Andreev bound states in high-T_c superconducting junctions

The formation of bound states at surfaces of materials with an energy gap in the bulk electron spectrum is a well known physical phenomenon. At superconductor surfaces, quasiparticles with energies inside the superconducting gap Δ may be trapped in bound states in quantum wells, formed by total reflection against the vacuum and total Andreev reflection against the superconductor. Since an electron reflects as a hole and sends a Cooper pair into the superconductor, the surface states give rise to resonant transport of quasiparticle and Cooper pair currents, and may be observed in tunnelling spectra. In superconducting junctions these surface states may hybridize and form bound Andreev states, trapped between the superconducting electrodes. In d-wave superconductors, the order parameter changes sign under 90° rotation and, as a consequence, Andreev reflection may lead to the formation of zero energy quasiparticle bound states, midgap states (MGS).
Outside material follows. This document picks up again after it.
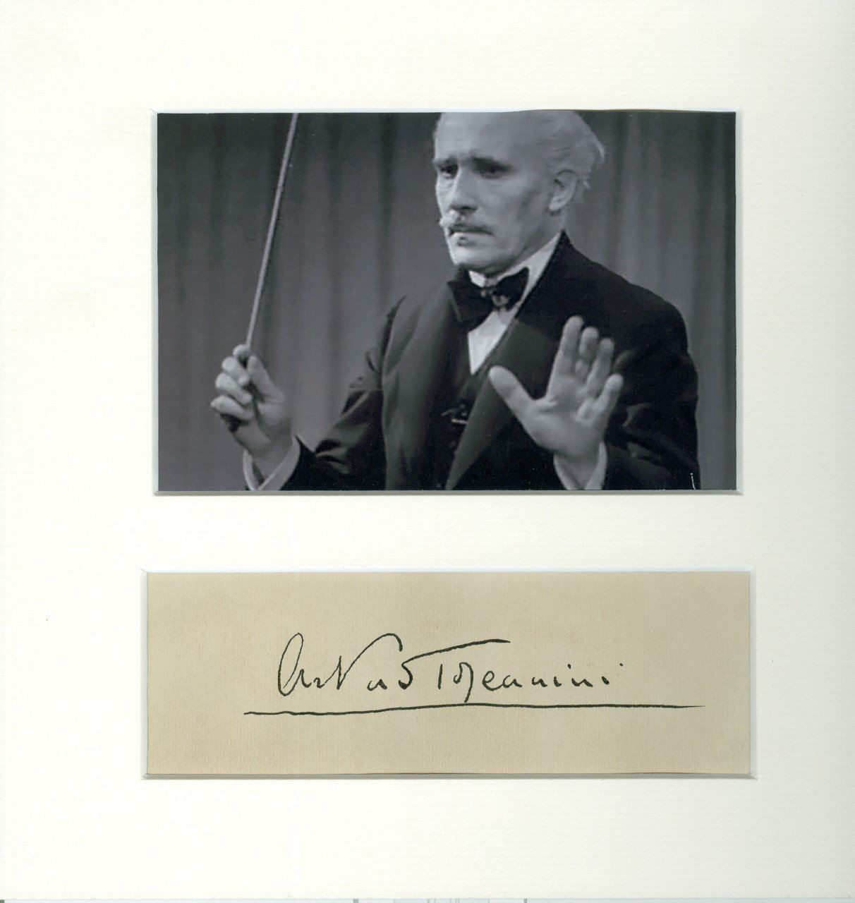 Known as one of the most acclaimed musicians of the late 19th and of the 20th century, renowned for his intensity, his perfectionism, his ear for orchestral detail and sonority, and his eidetic memory. An autograph cutting, mounted and framed, and supplied with coa.

The formation of MGS is a robust feature of d-wave superconductivity and provides a unified framework for many important effects which will be reviewed: large Josephson current, low-temperature anomaly of the critical Josephson current, π-junction behaviour, 0→π junction crossover with temperature, zero-bias conductance peaks, paramagnetic currents, time reversal symmetry breaking, spontaneous interface currents, and resonance features in subgap currents. Taken together these effects, when observed in experiments, provide proof for d-wave superconductivity in the cuprates.